If this doesn't work out either, the watermarks for shared (not reserved
to any port) buffers are checked. All sharing watermarks must be below
their configured thresholds.
For a frame to pass the controlling watermark checks, both buffers need
to be available, and frame references need to be available. The check
for frame references is identical to the one for buffers, in principle,
and shown to the right of the diagram below.
Start
v
v
Memory check +>>>>>>>>>> Frame reference check
v ^ v
v ^ v
Ingress memory ^ Ingress references
is available? ^ are available?
v ^ v
v not exceeded ^ v not exceeded
BUF_Q_RSRV_I >>>>>>>>>>>>>>+ REF_Q_RSRV_I >>> accept
v ^ v
exceeded v ^ exceeded v
v not exceeded ^ v not exceeded
BUF_P_RSRV_I >>>>>>>>>>>>>>+ REF_P_RSRV_I >>> accept
v ^ v
exceeded v ^ exceeded v
v ^ v
Egress memory ^ Egress references
is available? ^ are available?
v ^ v
exceeded v ^ exceeded v
v not exceeded ^ v not exceeded
BUF_Q_RSRV_E >>>>>>>>>>>>>>+ REF_Q_RSRV_E >>> accept
v ^ v
exceeded v ^ exceeded v
v not exceeded ^ v not exceeded
BUF_P_RSRV_E >>>>>>>>>>>>>>+ REF_P_RSRV_E >>> accept
v ^ v
exceeded v ^ exceeded v
v ^ v
Shared memory ^ Shared references
is available? ^ are available?
v ^ v
exceeded v ^ v exceeded
drop <<<< BUF_PRIO_SHR_E ^ REF_PRIO_SHR_E >>>> drop
v ^ v
v not exceeded ^ not exceeded v
exceeded v ^ v exceeded
drop <<<< BUF_COL_SHR_E ^ REF_COL_SHR_E >>>>> drop
v ^ v
v not exceeded ^ not exceeded v
exceeded v ^ v exceeded
drop <<< BUF_PRIO_SHR_I ^ REF_PRIO_SHR_I >>>>> drop
v ^ v
v not exceeded ^ not exceeded v
exceeded v ^ v exceeded
drop <<< BUF_COL_SHR_I ^ REF_COL_SHR_I >>>>>> drop
v ^ v
v not exceeded ^ not exceeded v
v ^ v
+>>>>>>>>>>>>>>>>>>>>>+ accept
Now, I was trying to understand whether these watermarks can be exposed
through devlink-sb.
Step 1:
devlink sb show - display available shared buffers and their attributes
DEV - specifies the devlink device to show shared buffers.
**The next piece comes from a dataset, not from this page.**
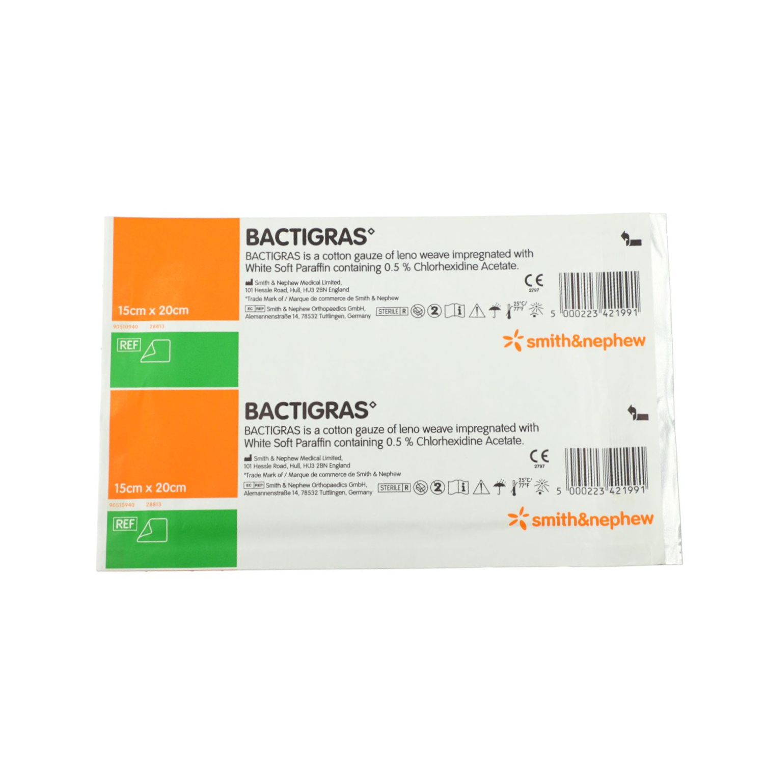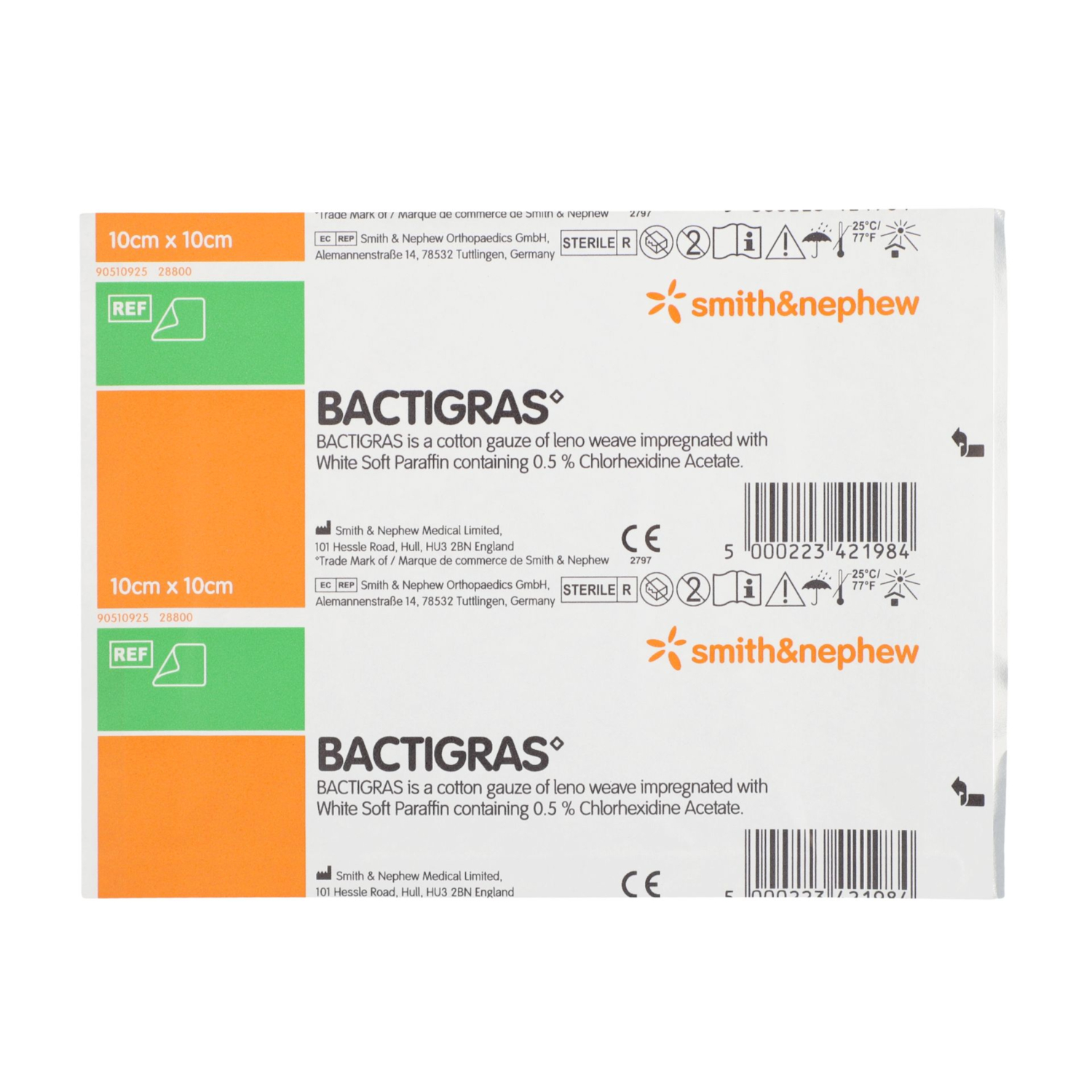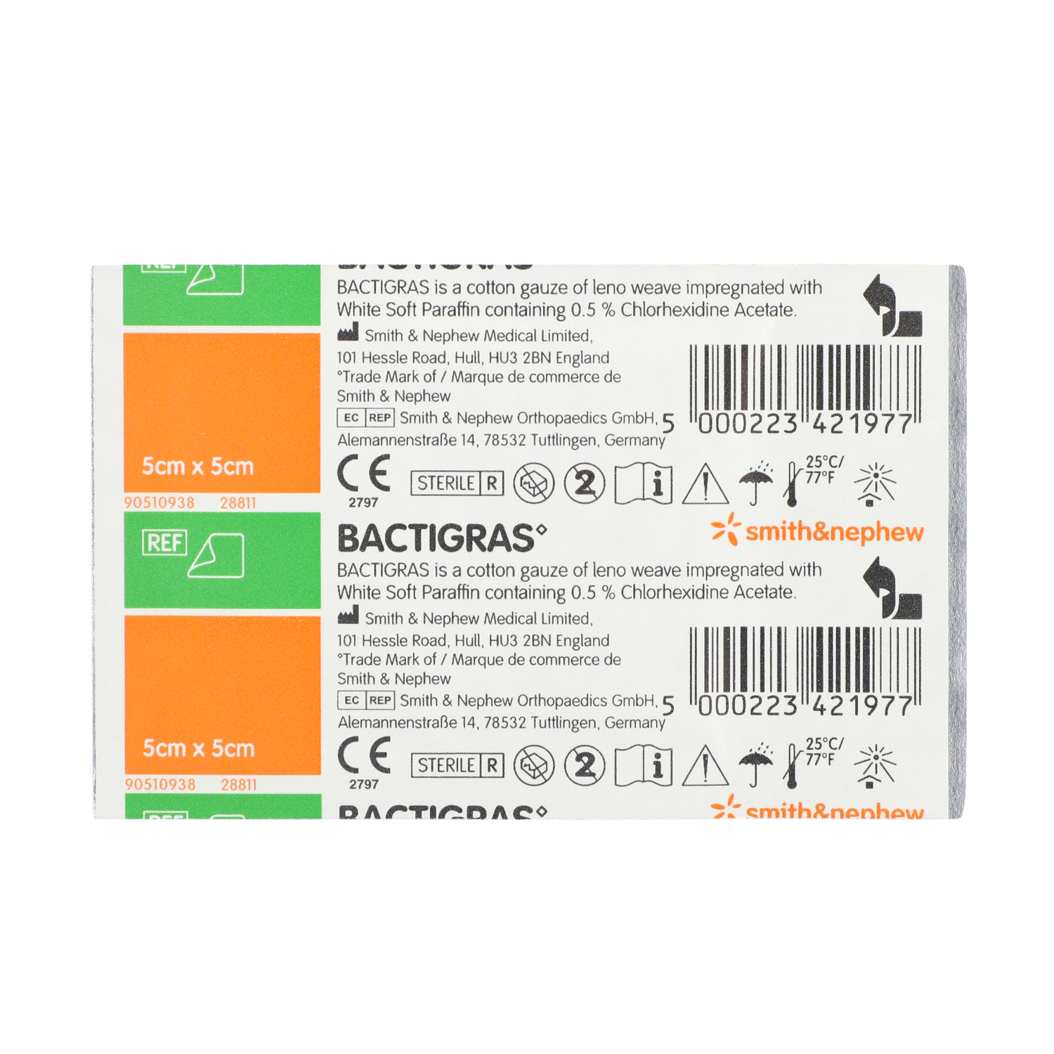 - Opatrunek parafinowy Bactigras jest wykonany z gazy tkanej splotem leno nasączonej parafiną z dodatkiem chlorheksydyny.
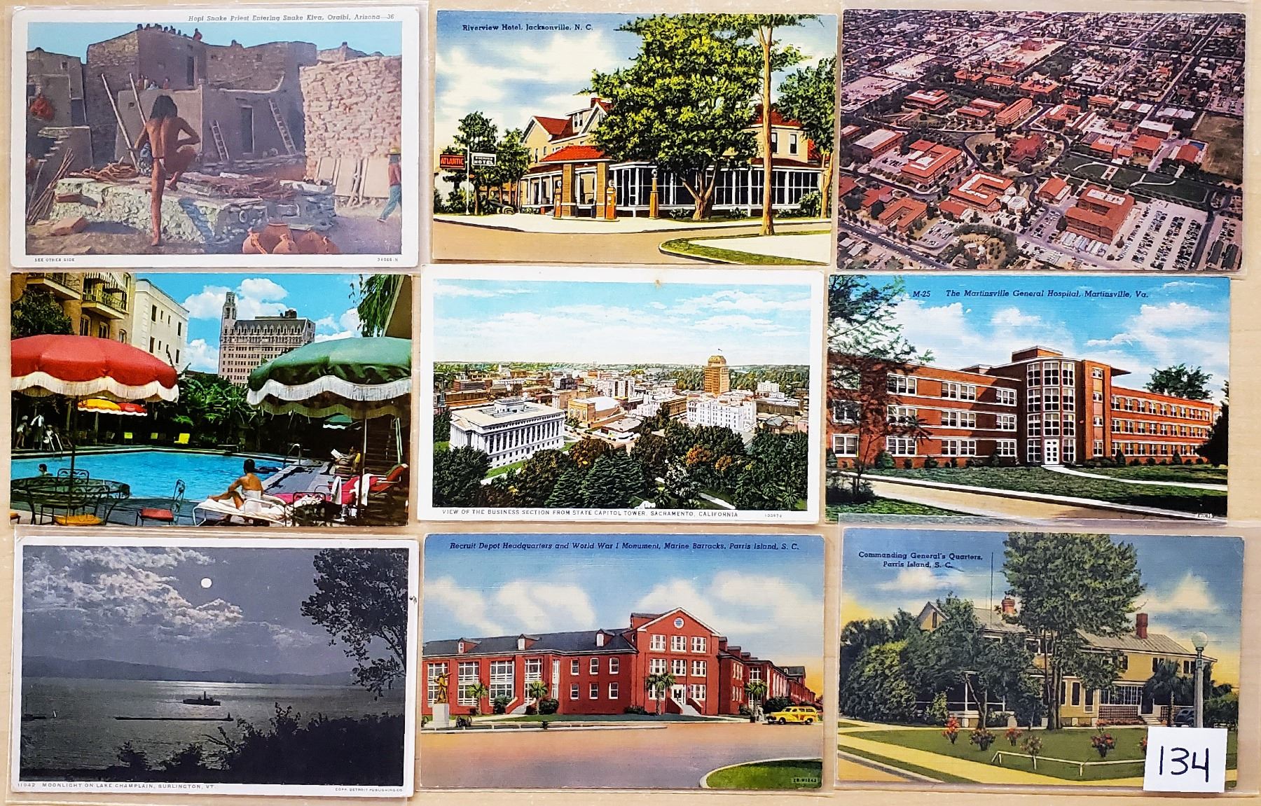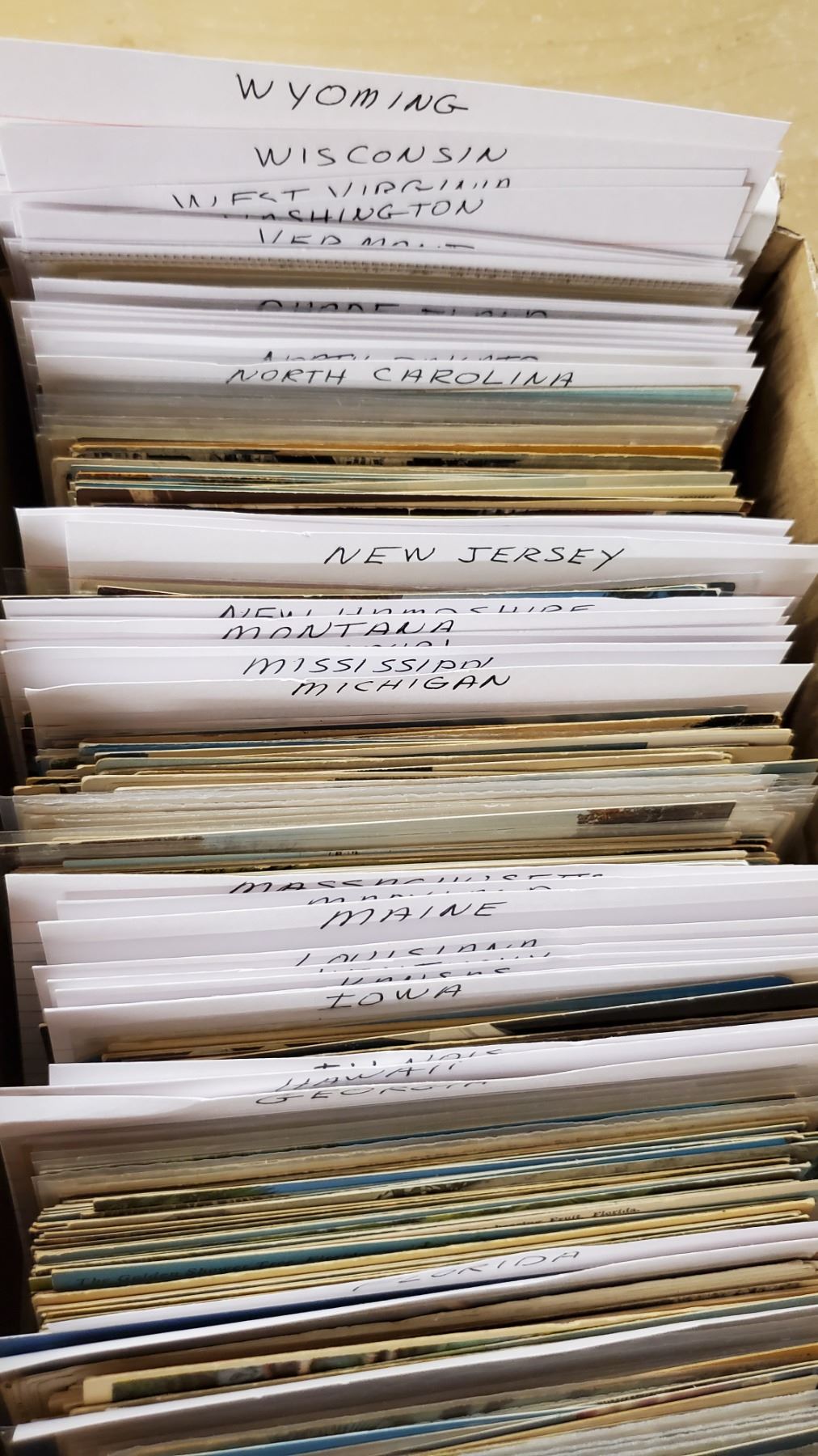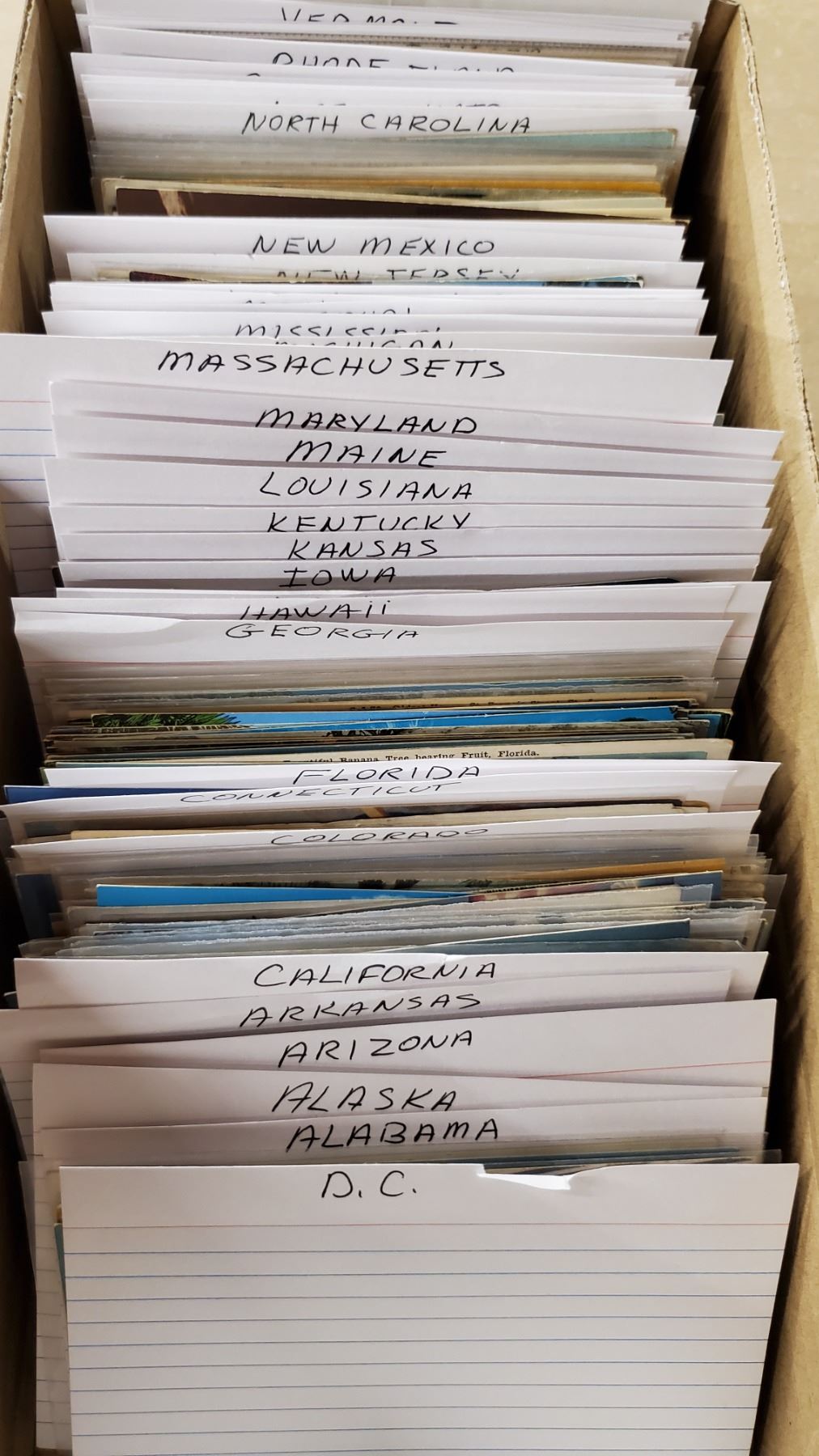 Mostly sorted USA box, over 400 postcards. Early to standard size chrome.

If
this argument is omitted all shared buffers of all devices are
listed.
SB_INDEX - specifies the shared buffer. If this argument is
omitted shared buffer with index 0 is selected. Behaviour of
this argument it the same for every command.
What should this list for ocelot?
I was thinking it could list 2 shared buffers:
- SB_INDEX 0: this is the packet buffer. Its size is 128 KB. Its cell
size is 60 bytes.
- SB_INDEX 1: this is the group of frame references. Its size is 1092.
Its cell size is 1.
Step 2:
devlink sb pool show - display available pools and their attributes
DEV - specifies the devlink device to show pools. If this
argument is omitted all pools of all devices are listed.
Display available pools listing their type, size, thtype and
cell_size. cell_size is the allocation granularity of memory
within the shared buffer. Drivers may round up, round down or
reject size passed to the set command if it is not multiple of
cell_size.
Hmmmmm....
I have 2 conflicting thoughts here.
First would be that both SB_INDEX 0 and SB_INDEX 1 would have a single
pool, POOL_INDEX 0. The size of this pool would be equal to the size of
the SB_INDEX it belongs to.
The other thought is that maybe it would be overall simpler if I could
just add a new DEVLINK_ATTR_SB_POOL_NAME attribute, which is a string,
and expose all the BUF_Q_RSRV_E_PORT0_TC6 stuff as its own pool. Then,
configuring the size of this pool would in fact configure its threshold.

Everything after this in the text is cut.